The Joplin Globe, Joplin, MO


October 4, 2012

Dow Jones average creeps up after jobs report

NEW YORK — Market indexes crept higher on Wall Street following an encouraging report on the labor market and better sales from Costco and other retail stores.

The government reported Thursday that the number of Americans seeking unemployment benefits for the first time rose to 367,000 last week. But that was fewer than economists had forecast.

The Dow Jones industrial average gained 38 points to 13,533 shortly before 10 a.m. Bank of America led the 30 stocks in the Dow with a 1.7 surge, rising 16 cents to $9.27.

The Standard & Poor’s 500 index rose five points to 1,456 and the Nasdaq composite edged down up five points to 3,140.
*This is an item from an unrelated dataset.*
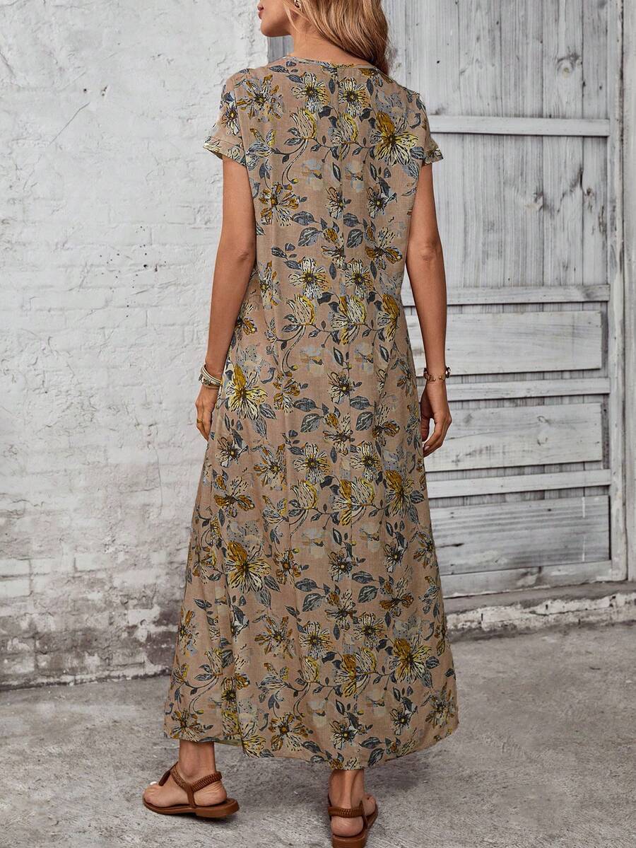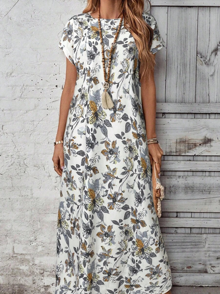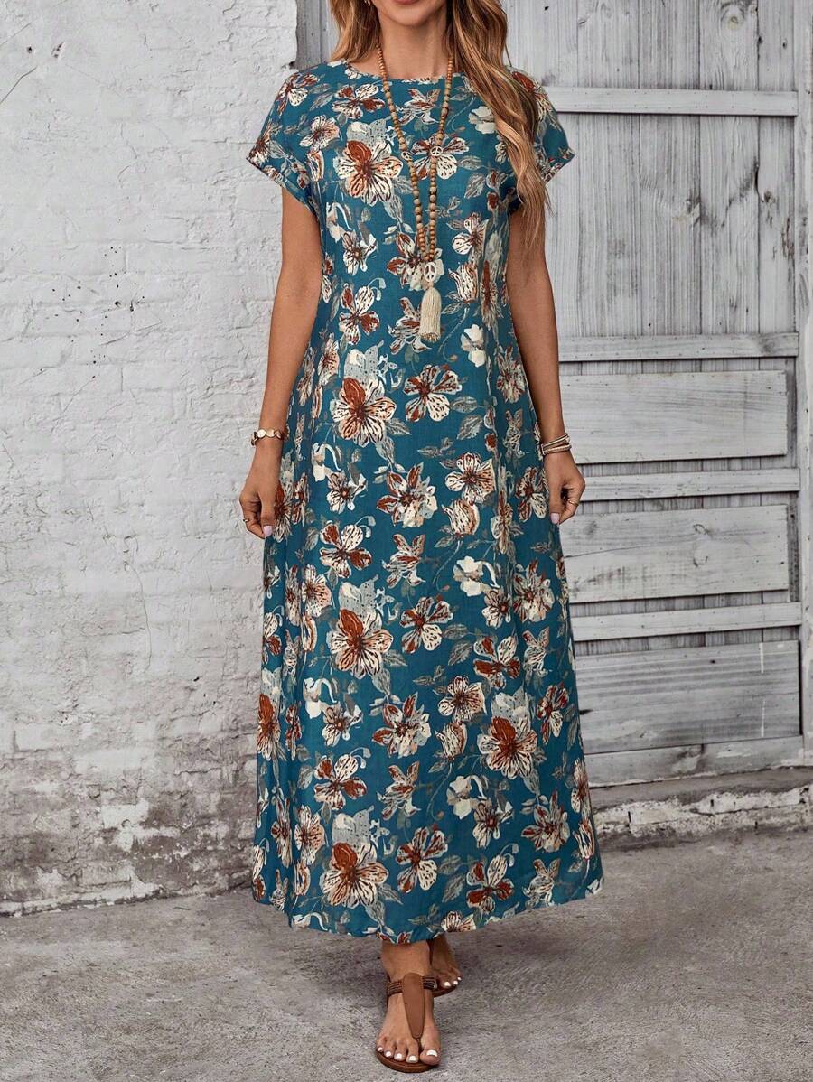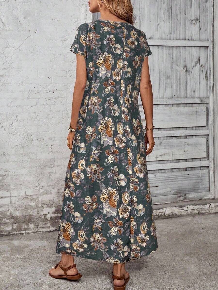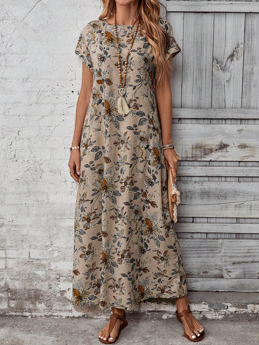Vestido casual holgado de manga corta con cuello redondo y estampado floral para mujer de talla grande, verano

The job-market report helped push the yield on the benchmark 10-year Treasury note up to 1.64 percent from 1.62 percent late Wednesday. Traders tend to sell Treasurys following better economic news.

Retailers including Costco and Limited Brands reported September sales that came in ahead of Wall Street’s estimates. Costco gained 91 cents to $100.53.

Investors are looking ahead to minutes from the Federal Reserve’s latest meeting, due out Thursday afternoon. The key event this week, however, comes Friday morning when the Labor Department releases its monthly jobs report. Economists forecast that the unemployment rate inched up to 8.2 percent in September from 8.1 percent in August.  

In the first few days of October, the major stock market indexes have climbed steadily higher. The Dow is up 1 percent and the S&P 500 is up 1.4 percent.

Among other stocks making big moves:

— Marriott International jumped 3 percent. The chain, which operates Ritz-Carlton, Courtyard as well as its namesake hotels, posted results late Wednesday that beat analysts’ expectations thanks to higher rates and a pickup in customer traffic. Marriott’s stock surged 88 cents to $39.88.

— Hewlett-Packard continued its slump a day after CEO Meg Whitman told a gathering of investors and analysts that H-P could struggle for the next two years. The computer company’s stock dropped 3 percent, or 53 cents, to $14.38.